Channel9.id, Jakarta – Puluhan ribu buruh dari berbagai penjuru negeri bersiap turun ke jalan pada Kamis, 28 Agustus 2025. Aksi nasional bertajuk HOSTUM (Hapus Outsourcing, Tolak Upah Murah) ini digalang Partai Buruh bersama koalisi serikat pekerja, termasuk Konfederasi Serikat Pekerja Indonesia (KSPI).
Di Jakarta, lebih dari 10 ribu buruh dari Karawang, Bekasi, Bogor, Depok, Tangerang, hingga DKI akan memadati kawasan DPR RI dan Istana. Gelombang serupa juga akan bergulir di kota-kota industri besar—dari Surabaya, Semarang, Bandung, Batam, hingga Medan dan Makassar.

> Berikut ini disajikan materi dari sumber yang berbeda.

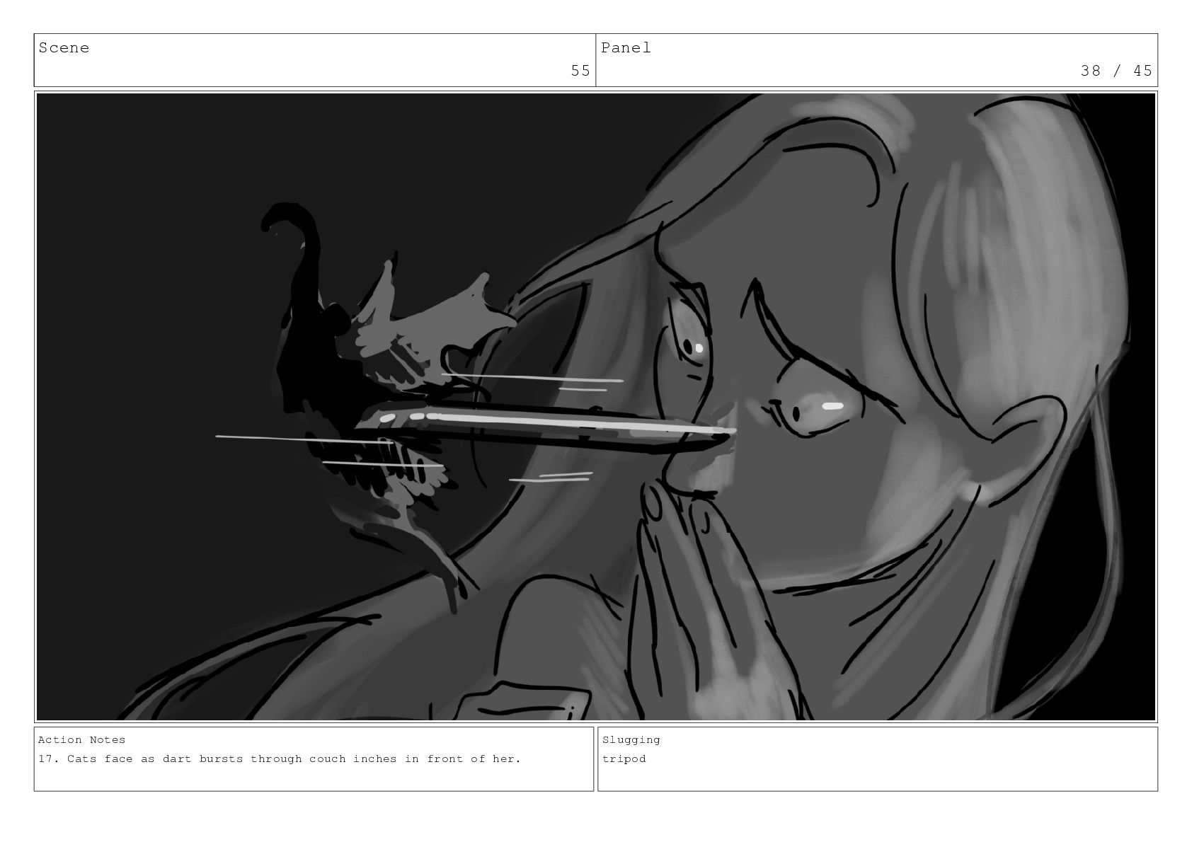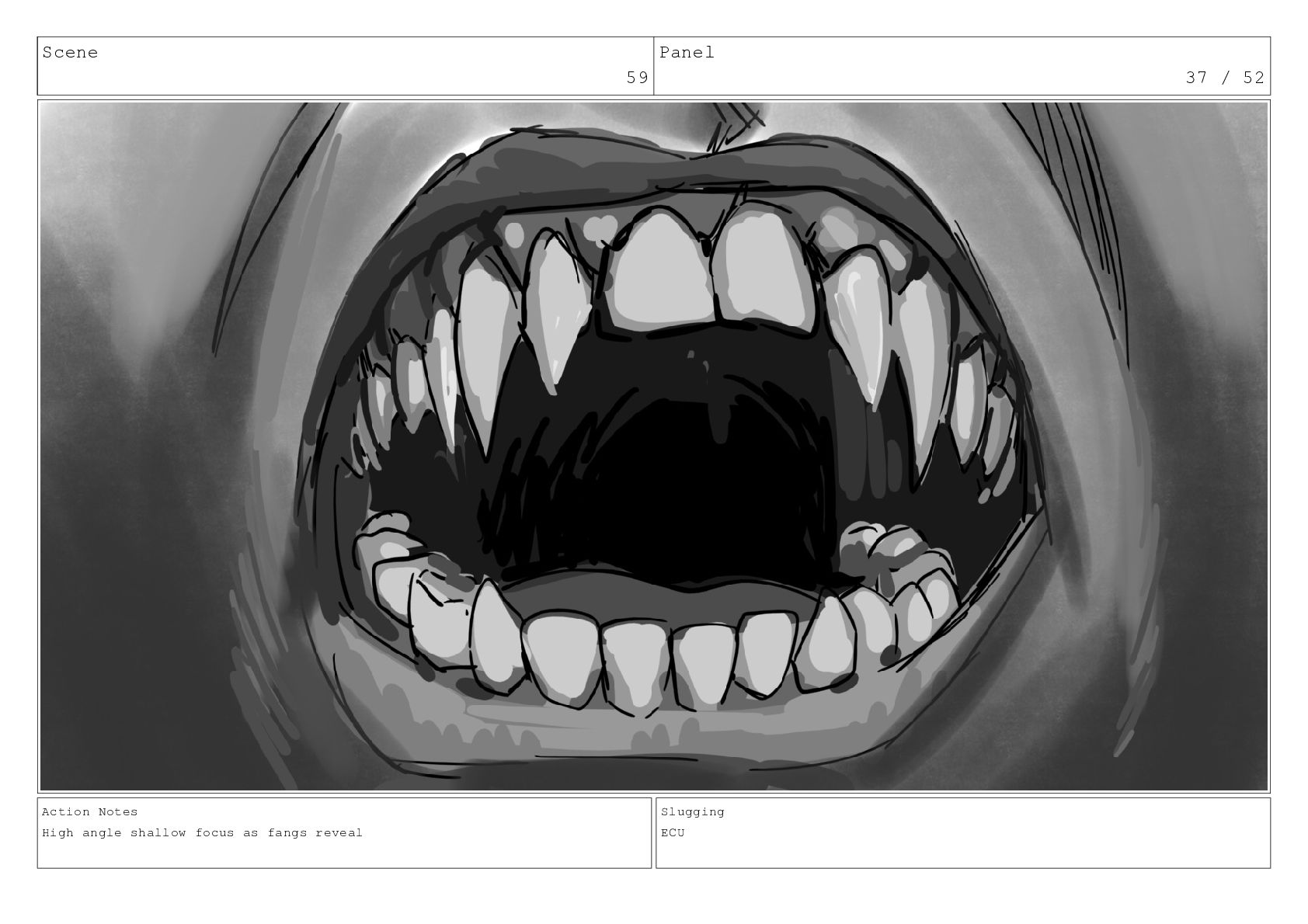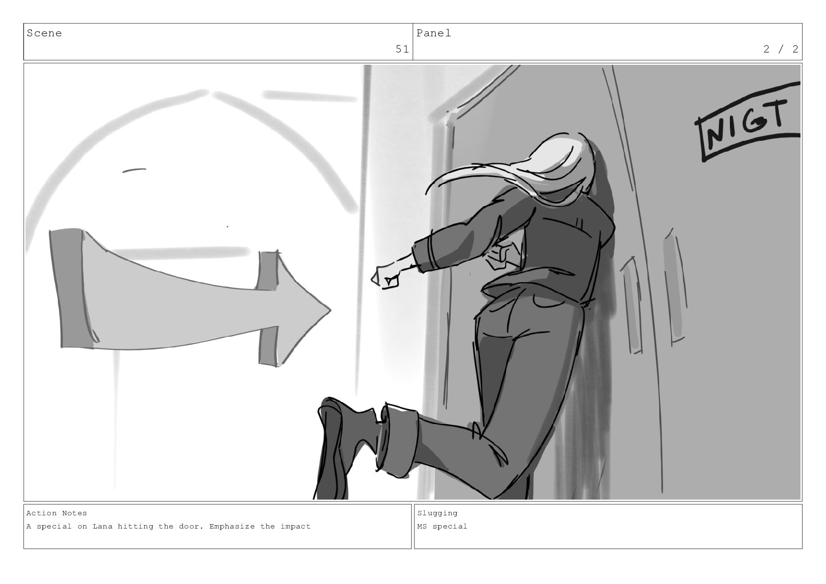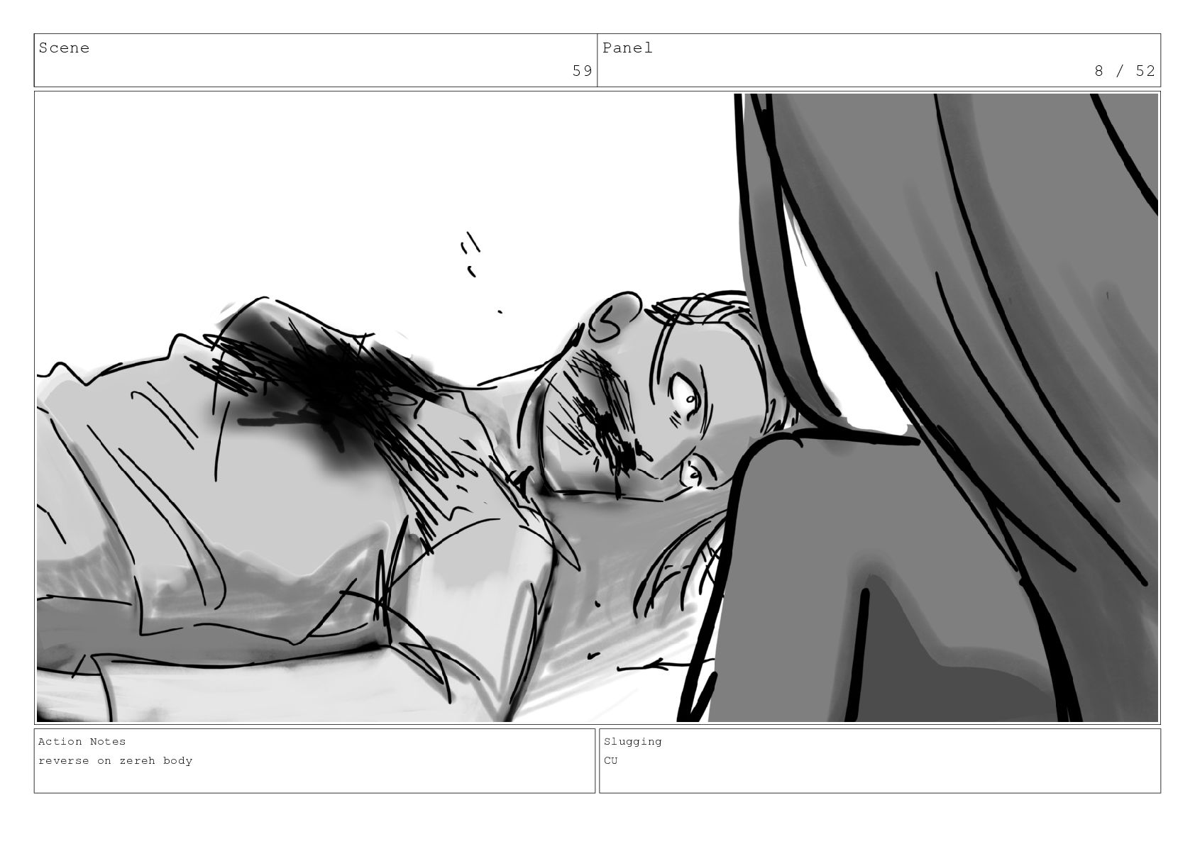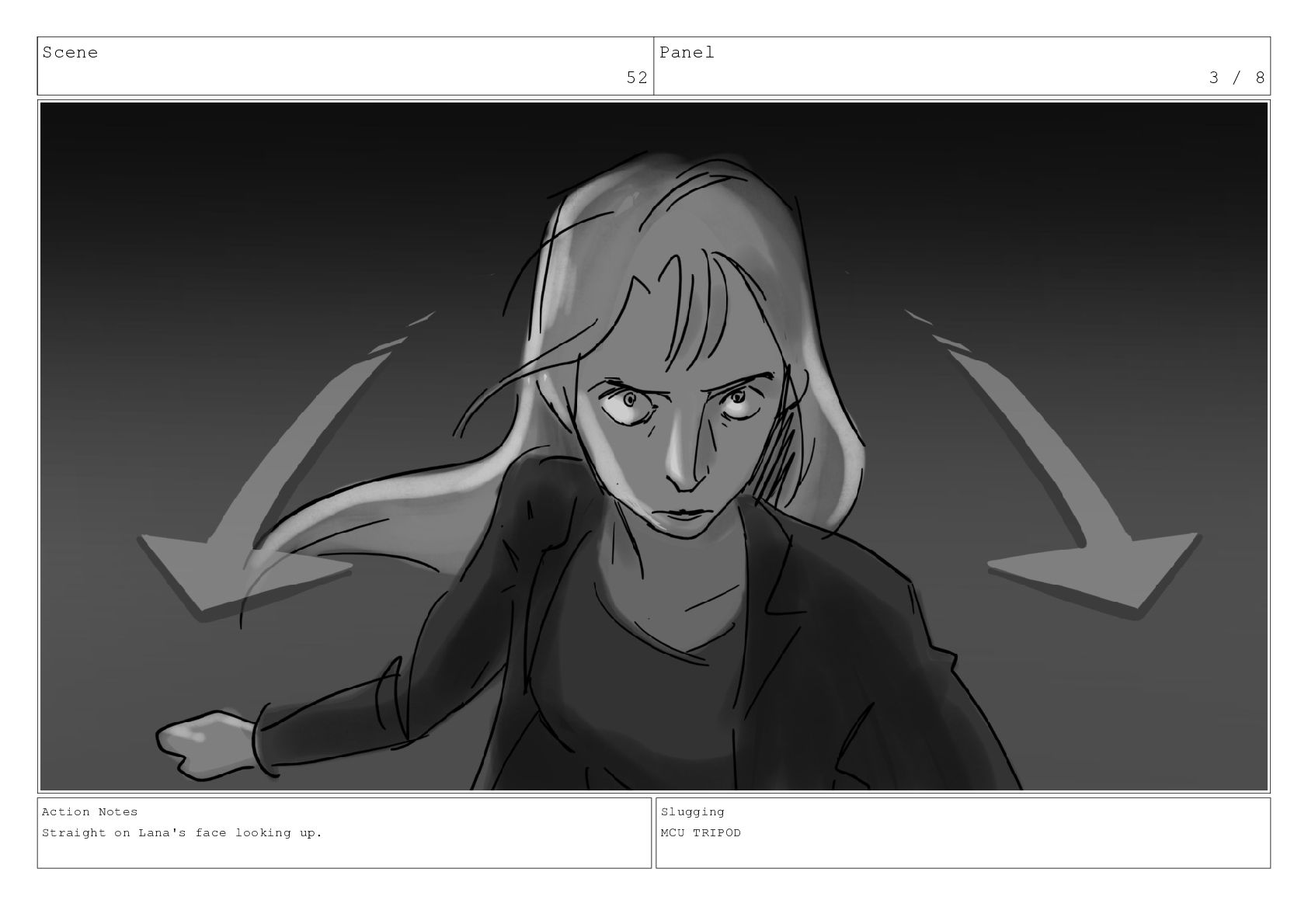 hits a prostetic head. in side profile or 3/4 front. The hatchet should be swinging from the opposite direction from which Lana entered and the blood spray in 53 should feel like a continuation of the hatchet's swing Slugging MS SPECIAL TRIPOD

Menurut Said Iqbal, Presiden KSPI sekaligus Presiden Partai Buruh, aksi ini bukan sekadar unjuk rasa, melainkan momentum menyuarakan ketidakadilan yang semakin menganga: di saat pekerja berjuang dengan upah minimum, wakil rakyat justru hidup dalam kemewahan.
“Seorang anggota DPR bisa mengantongi total Rp154 juta per bulan, termasuk tunjangan rumah Rp50 juta. Artinya, mereka menikmati lebih dari Rp3 juta per hari,” tegas Iqbal.
Bandingkan dengan buruh kontrak atau outsourcing di Jakarta yang hanya mendapat sekitar Rp5 juta per bulan—sekitar Rp150 ribu per hari. Di lapisan bawah, pekerja koperasi dan yayasan bahkan hanya digaji Rp1,5 juta per bulan, setara Rp50 ribu per hari. Lebih miris lagi, pengemudi ojek online sering kali hanya mampu membawa pulang Rp600 ribu sebulan, alias Rp20 ribu per hari.
“Jurang kesenjangan ini nyata. Buruh dan rakyat kecil hidup dalam ketidakpastian, sementara DPR bergelimang fasilitas dan jaminan pensiun seumur hidup,” ujar Iqbal.
Dua Tuntutan Utama: Upah Layak dan Hapus Outsourcing
Gerakan HOSTUM membawa dua agenda pokok. Pertama, menolak upah murah dengan menuntut kenaikan upah minimum nasional sebesar 8,5–10,5% pada 2026. Perhitungan ini, kata Iqbal, sesuai formula resmi Mahkamah Konstitusi Nomor 168 yang mengacu pada inflasi, pertumbuhan ekonomi, dan indeks tertentu.
Dengan inflasi diproyeksikan 3,26% dan pertumbuhan ekonomi 5,1–5,2%, buruh menilai kenaikan upah minimum tidak bisa lagi ditunda. Apalagi pemerintah sendiri mengklaim angka kemiskinan dan pengangguran menurun.
Kedua, menghapus praktik outsourcing. Meski Mahkamah Konstitusi telah menegaskan bahwa outsourcing hanya boleh untuk pekerjaan penunjang, praktik di lapangan justru makin meluas—bahkan di BUMN.
“Pekerjaan inti tidak boleh di-outsourcing. Pemerintah harus mencabut PP No. 35 Tahun 2021 yang melegalkan outsourcing secara luas,” tegas Iqbal.